'National interest'

Iraqi oil ministry invites Kurdistan Region oil companies to talks in Baghdad

BAGHDAD — Iraq’s federal Ministry of Oil on Tuesday invited international oil companies and officials from the Kurdistan Regional Government’s Ministry of Natural Resources to a meeting in Baghdad. The meeting follows refusals by oil companies to resume Kurdistan Region exports without a formal guarantee of payment.

A ministry statement on Saturday said the agency invited APIKUR-affiliated global companies that have contracts with the KRG to develop the region’s oil fields. It added that KRG representatives were asked to address contract issues and negotiate agreements that support oil field development “in a manner that serves the national interest.”

At Khor Al-Zubair port yesterday, Iraqi Oil Minister Hayyan Abdul Ghani said Iraq plans to resume Kurdistan Region oil exports through SOMO via Turkey’s Ceyhan port “within next hours.” Exports would start at 185,000 barrels per day and gradually increase to meet federal budget quotas.

However, APIKUR has rejected restarting exports without a formal payment guarantee. In a statement published on X, the group said, “As has been repeatedly made clear, APIKUR member companies remain prepared to immediately resume exports as soon as formal agreements are reached to provide surety of payment for past and future exports consistent with our existing contractual legal and commercial terms. There has not yet been any outreach in this regard to APIKUR member companies.” It added, “APIKUR member companies do not have agreements that would lead to resuming oil exports today.”

On Feb. 25, U.S. Secretary of State Marco Rubio called Iraqi Prime Minister Mohammed Shia al-Sudani, urging that Iraq “quickly reopen the Iraq-Türkiye Pipeline,” according to State Department spokesperson Tammy Bruce.

The latest developments come after the KRG announced on Feb. 23 that it had reached an accord with Baghdad to restart exports “based on available capacity.” The deal called for a joint technical team to inspect export pipelines and confirm operational readiness and reaffirmed the KRG’s commitment to the Federal General Budget Law governing oil exports.

Before the March 2023 shutdown, the Iraq-Turkey Pipeline transported 450,000 barrels per day.
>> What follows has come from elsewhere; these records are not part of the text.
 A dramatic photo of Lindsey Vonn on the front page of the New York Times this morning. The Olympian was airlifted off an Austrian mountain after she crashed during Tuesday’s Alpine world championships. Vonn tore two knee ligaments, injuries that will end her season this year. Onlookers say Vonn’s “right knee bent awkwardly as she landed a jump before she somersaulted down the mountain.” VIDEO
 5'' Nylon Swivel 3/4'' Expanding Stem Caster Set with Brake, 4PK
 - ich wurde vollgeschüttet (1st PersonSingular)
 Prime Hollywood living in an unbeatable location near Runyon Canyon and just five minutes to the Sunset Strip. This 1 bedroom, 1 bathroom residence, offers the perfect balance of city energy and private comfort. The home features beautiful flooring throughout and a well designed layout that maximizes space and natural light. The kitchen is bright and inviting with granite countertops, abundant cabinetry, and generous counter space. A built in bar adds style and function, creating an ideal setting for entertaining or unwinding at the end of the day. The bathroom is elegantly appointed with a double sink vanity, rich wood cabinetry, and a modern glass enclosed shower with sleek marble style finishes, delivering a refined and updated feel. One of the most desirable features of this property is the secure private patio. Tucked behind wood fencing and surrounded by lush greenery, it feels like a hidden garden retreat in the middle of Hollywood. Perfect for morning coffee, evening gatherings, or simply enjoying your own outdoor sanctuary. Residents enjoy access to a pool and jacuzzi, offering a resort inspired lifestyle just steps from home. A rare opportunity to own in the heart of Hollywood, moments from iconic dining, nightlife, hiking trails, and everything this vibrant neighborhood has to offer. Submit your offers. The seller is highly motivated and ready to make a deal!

The stoppage—triggered by an arbitration ruling against Turkey for allowing Kurdish oil exports without Baghdad’s consent—has cost Iraq an estimated $20 billion in revenue.

Efforts to resolve the impasse have intensified in recent weeks. On Feb. 17, 2025, Minister Abdul Ghani announced a new arrangement with the KRG aimed at keeping exports from falling below 300,000 barrels per day. Acting Kurdistan Region Natural Resources Minister Kamal Mohammed Saleh said “all obstacles have been resolved” and indicated that exports could resume soon, pending legal procedures.
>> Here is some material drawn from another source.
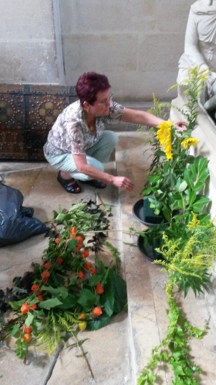 La journée sur le fleurissement liturgique organisée samedi 20 août à l'initiative du pôle Célébrer de l'EAP et grâce à la participation de Claudie LEQUIEN (chargée du fleurissement de St Florentin-Brienon) a réuni 12 personnes intéressées par le sujet (plusieurs autres personnes volontaires auraient voulu participer mais en ont été empêchées pour cette fois ; elles seront recontactées par la suite). Après une approche théorique, des exemples de bouquets liturgiques ont été commentés et expliqués, quelques documents ont été distribués et un petit repas convivial nous a permis d'échanger à bâtons rompus et de faire parfois plus ample connaissance. Après le repas le groupe s'est rendu à l'église, auprès de la Mise au tombeau afin de fleurir la chapelle sous la direction de Claudie. C'est l'amorce d'un groupe dédié au fleurissement qui s'est constitué là et qu'il va falloir maintenant organiser et pérenniser.

Iraq’s newly amended federal budget, passed on Feb. 2, 2025, includes Article 12, which allocates $16 per barrel to cover production and transportation costs for foreign oil companies operating in the Kurdistan Region. APIKUR welcomed the amendment but insists that formal agreements ensuring payment transparency and protection of contractual terms be finalized before exports resume.